* **RECORD EXTRACTS**
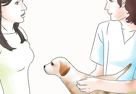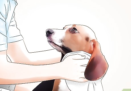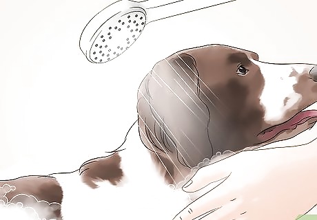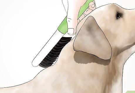 Bathe your dog once every 2-4 months. When your dog is clean, your house will be cleaner, too! To bathe your dog, arrange a sturdy, non-slip mat or towel along the bottom of the bathing area. With a gentle, pet-friendly shampoo, use your hands to lather the soap into your dog’s fur. To finish up, use a slow, warm stream of water to rinse all of suds from your pet’s coat. Try not to get any shampoo or water around your dog’s eyes, ears, and mouth.
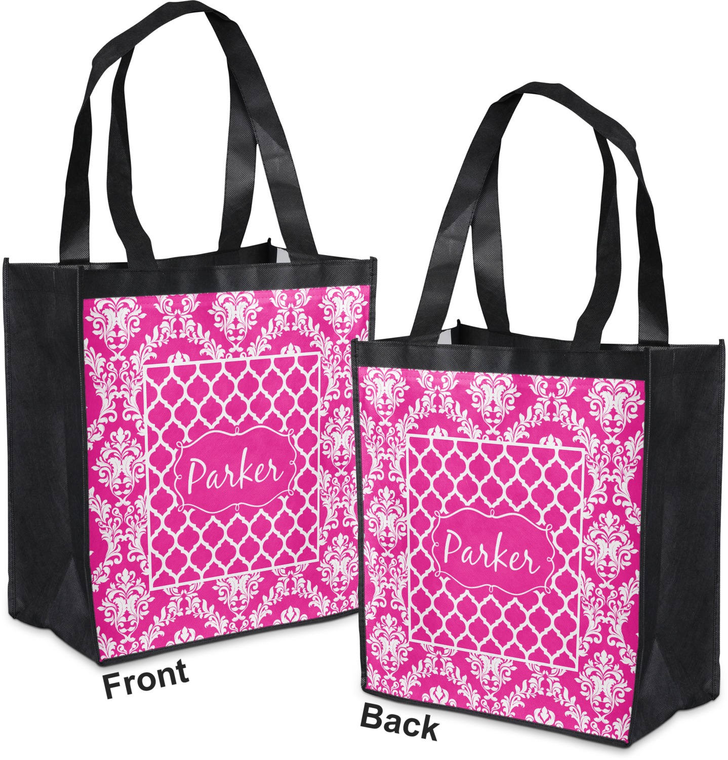 Made from a durable, biodegradable material, these reusable shopping bags can support up to 30 pounds of weight. With two large handles, measuring at 8.5 inches each, these personalized tote bags are easy to carry to your vehicle or home. The bag itself is 12 by 13.5 inches, and can expand to a depth of 7 inches. Your customization is printed on both the front and back, while the remaining sides, trim, and handle are a sleek, charcoal black.
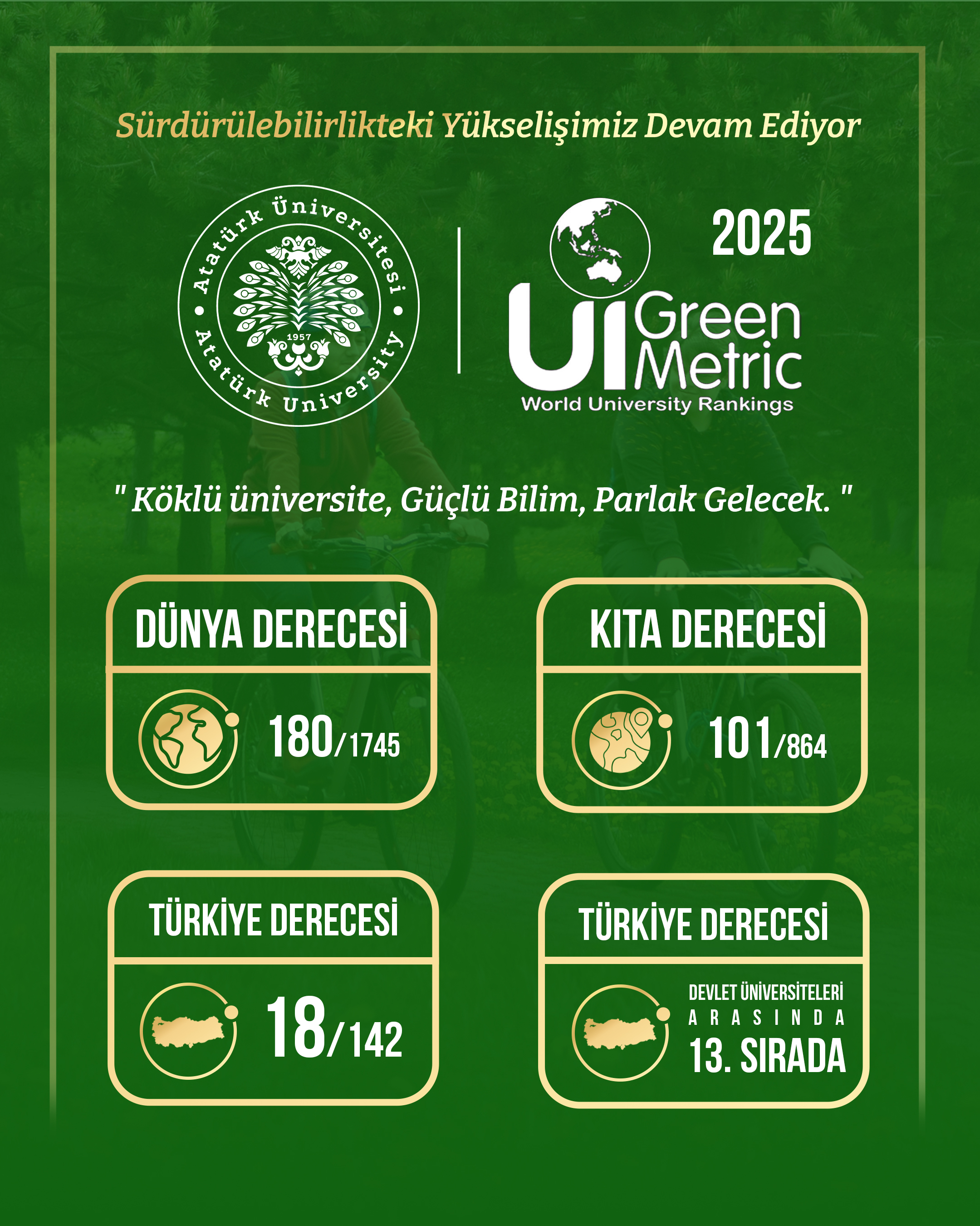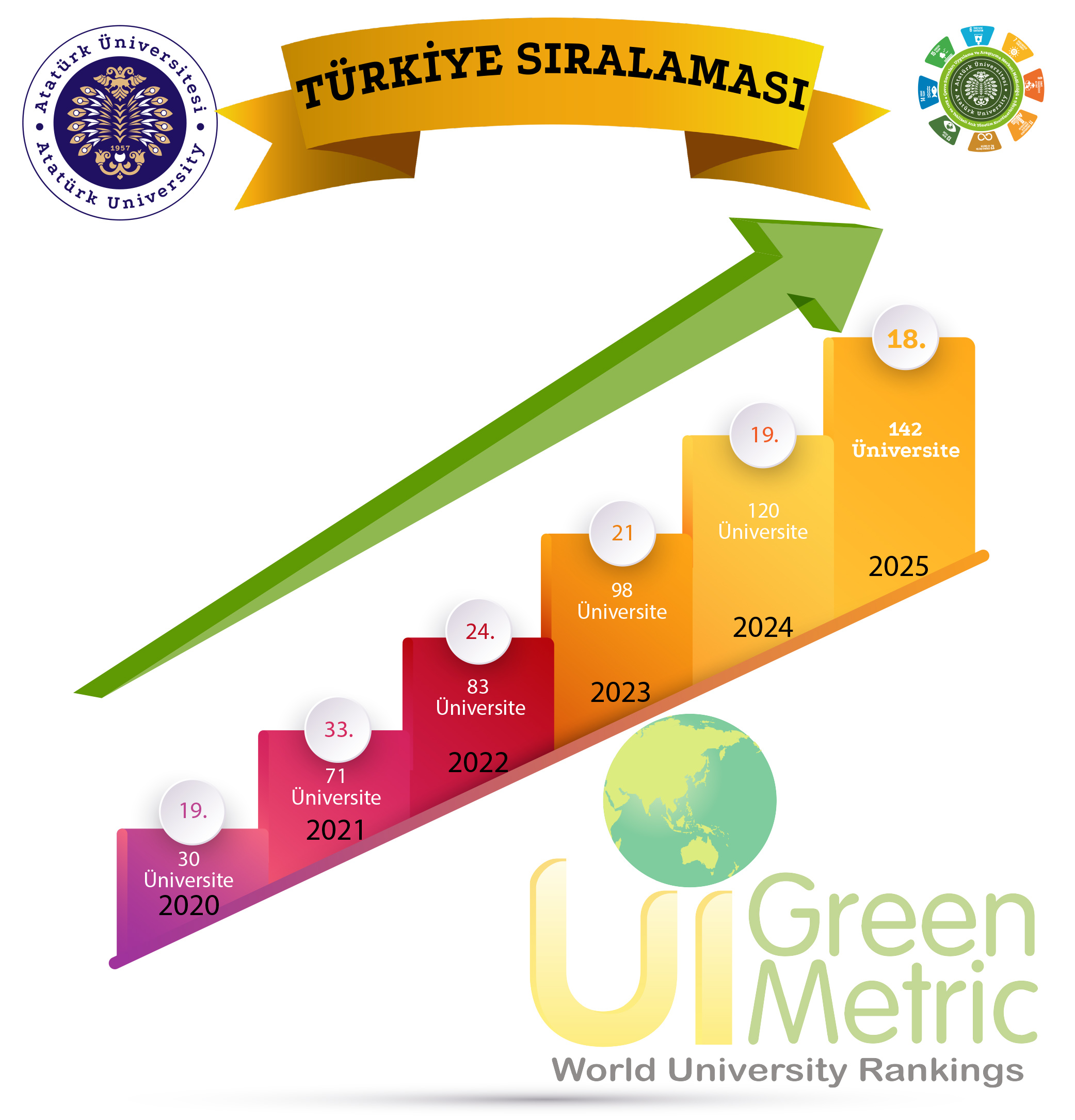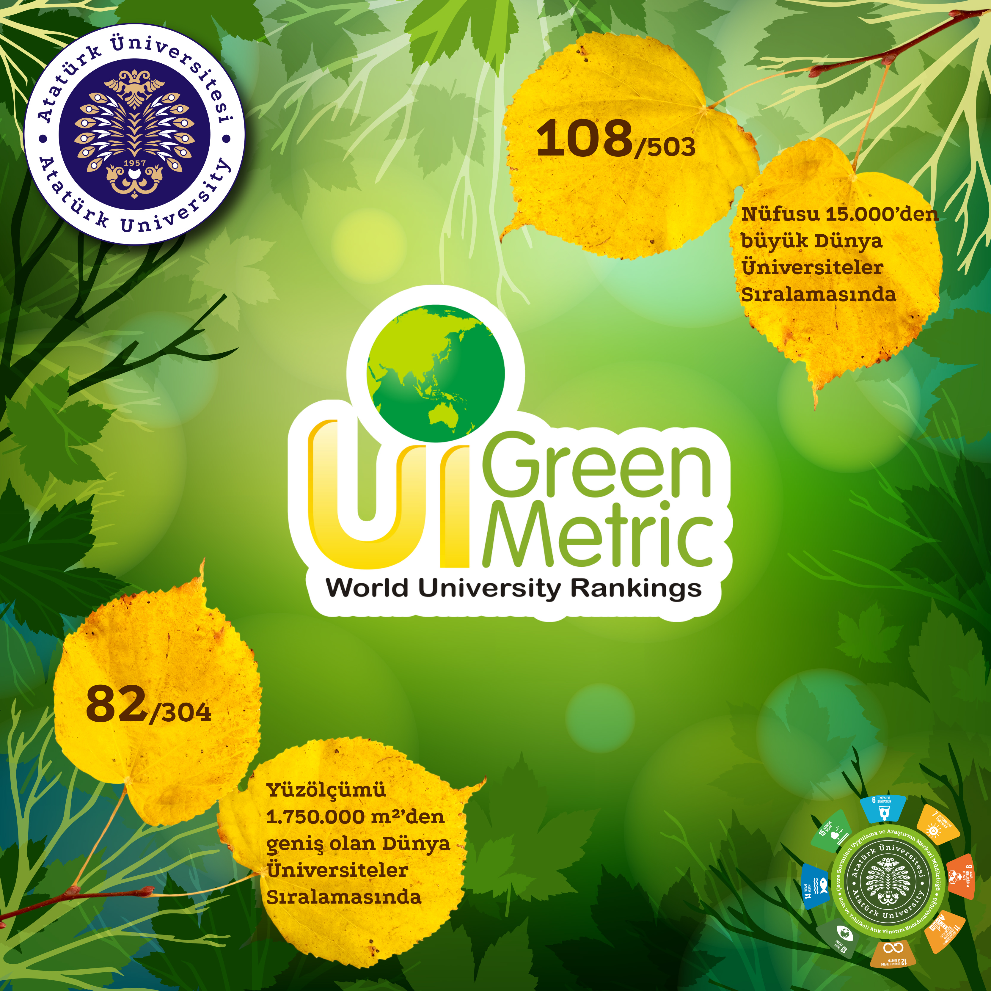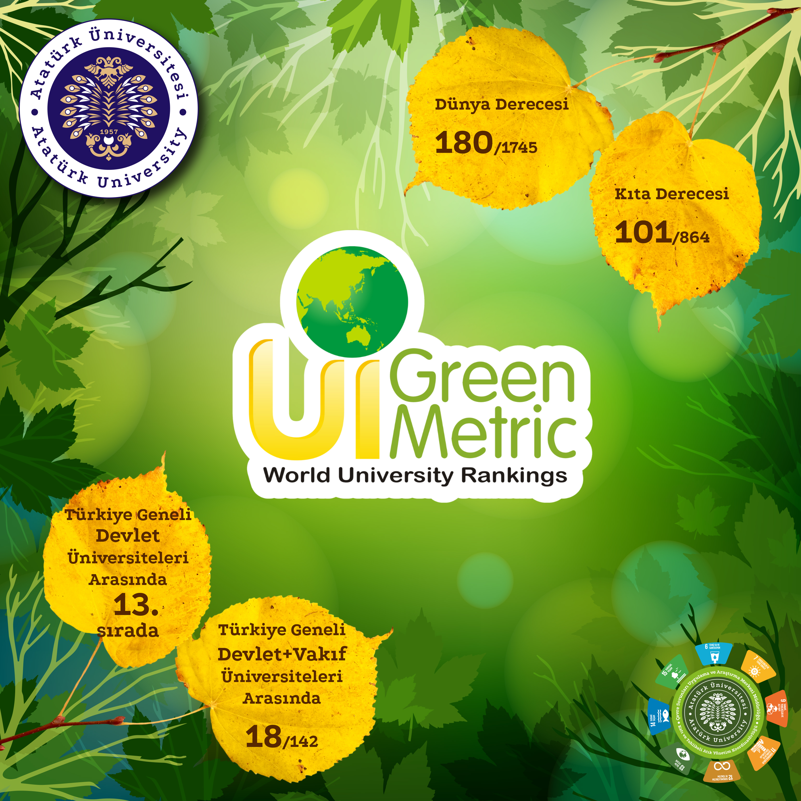 Başvuru süreci 2021 yılından bu yana Atatürk Üniversitesi Çevre Sorunları Uygulama ve Araştırma Merkezi tarafından yürütülen UI GreenMetric sıralamasının 2025 sonuçları, Tayvan National Chi Nan University (NCNU) ev sahipliğinde kamuoyuyla paylaşıldı. Açıklanan verilere göre Atatürk Üniversitesi, 5. yılında da istikrarlı yükselişini sürdürerek dünya genelinde 66 basamak birden ilerledi ve 180. sıraya yerleşti. Coğrafi konum itibarıyla Asya Kıtasında değerlendirilen üniversiteler arasında 101’inci, Türkiye’den katılan 142 üniversite arasında 18’inci, devlet üniversiteleri arasında ise 13’üncü sıraya yükseldi.
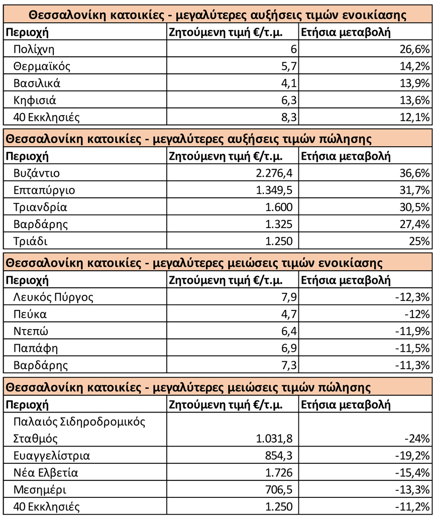 - Στον Δήμο Θεσσαλονίκης, οι ζητούμενες τιμές πώλησης αυξήθηκαν κατά 4,4% ενώ οι τιμές ενοικίασης μειώθηκαν κατά 2,9%.
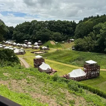 宿泊施設(グランピング)が見えます。ジップラインなどもあるので、
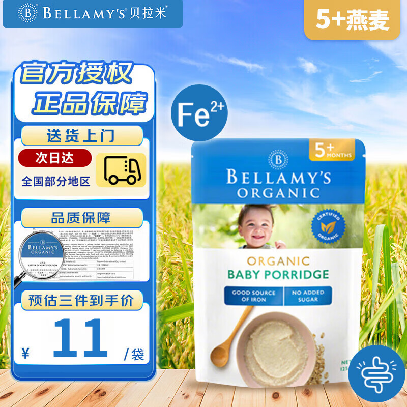 贝拉米(Bellamy's)澳洲进口有机高铁米粉宝宝辅食营养米糊含益生元 燕麦米粉5+保质期26年4月 125g*1袋
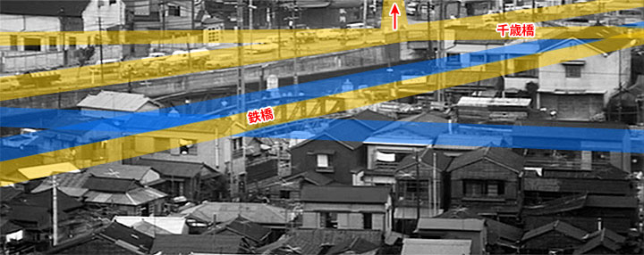 先程、「では『特報』ではどうなのか」の項で、「本編」にも「予告編」にも登場しない、「特報」だけに登場する場面が存在することを紹介しました。わずか2〜3秒のカットです。 改めてその画面を見てみましょう。 画面手前の方は平屋とか二階建ての木造家屋が密集しています。望遠レンズで撮影しているので、なおさら密集して見えるのだと思います。 画面左から斜め右方向に割合広い道路が通っているのが見えます。その手前、道路と平行して鉄骨でアーチ状にアングルを組んだ橋が見えます。 いったいここは何処なのでしょう。

* **YOUR ASSIGNMENT**
Leave out the images and write out the listing above exactly.

* **TASK OUTPUT**
 Bathe your dog once every 2-4 months. When your dog is clean, your house will be cleaner, too! To bathe your dog, arrange a sturdy, non-slip mat or towel along the bottom of the bathing area. With a gentle, pet-friendly shampoo, use your hands to lather the soap into your dog’s fur. To finish up, use a slow, warm stream of water to rinse all of suds from your pet’s coat. Try not to get any shampoo or water around your dog’s eyes, ears, and mouth.
 Made from a durable, biodegradable material, these reusable shopping bags can support up to 30 pounds of weight. With two large handles, measuring at 8.5 inches each, these personalized tote bags are easy to carry to your vehicle or home. The bag itself is 12 by 13.5 inches, and can expand to a depth of 7 inches. Your customization is printed on both the front and back, while the remaining sides, trim, and handle are a sleek, charcoal black.
 Başvuru süreci 2021 yılından bu yana Atatürk Üniversitesi Çevre Sorunları Uygulama ve Araştırma Merkezi tarafından yürütülen UI GreenMetric sıralamasının 2025 sonuçları, Tayvan National Chi Nan University (NCNU) ev sahipliğinde kamuoyuyla paylaşıldı. Açıklanan verilere göre Atatürk Üniversitesi, 5. yılında da istikrarlı yükselişini sürdürerek dünya genelinde 66 basamak birden ilerledi ve 180. sıraya yerleşti. Coğrafi konum itibarıyla Asya Kıtasında değerlendirilen üniversiteler arasında 101’inci, Türkiye’den katılan 142 üniversite arasında 18’inci, devlet üniversiteleri arasında ise 13’üncü sıraya yükseldi.
 - Στον Δήμο Θεσσαλονίκης, οι ζητούμενες τιμές πώλησης αυξήθηκαν κατά 4,4% ενώ οι τιμές ενοικίασης μειώθηκαν κατά 2,9%.
 宿泊施設(グランピング)が見えます。ジップラインなどもあるので、
 贝拉米(Bellamy's)澳洲进口有机高铁米粉宝宝辅食营养米糊含益生元 燕麦米粉5+保质期26年4月 125g*1袋
 先程、「では『特報』ではどうなのか」の項で、「本編」にも「予告編」にも登場しない、「特報」だけに登場する場面が存在することを紹介しました。わずか2〜3秒のカットです。 改めてその画面を見てみましょう。 画面手前の方は平屋とか二階建ての木造家屋が密集しています。望遠レンズで撮影しているので、なおさら密集して見えるのだと思います。 画面左から斜め右方向に割合広い道路が通っているのが見えます。その手前、道路と平行して鉄骨でアーチ状にアングルを組んだ橋が見えます。 いったいここは何処なのでしょう。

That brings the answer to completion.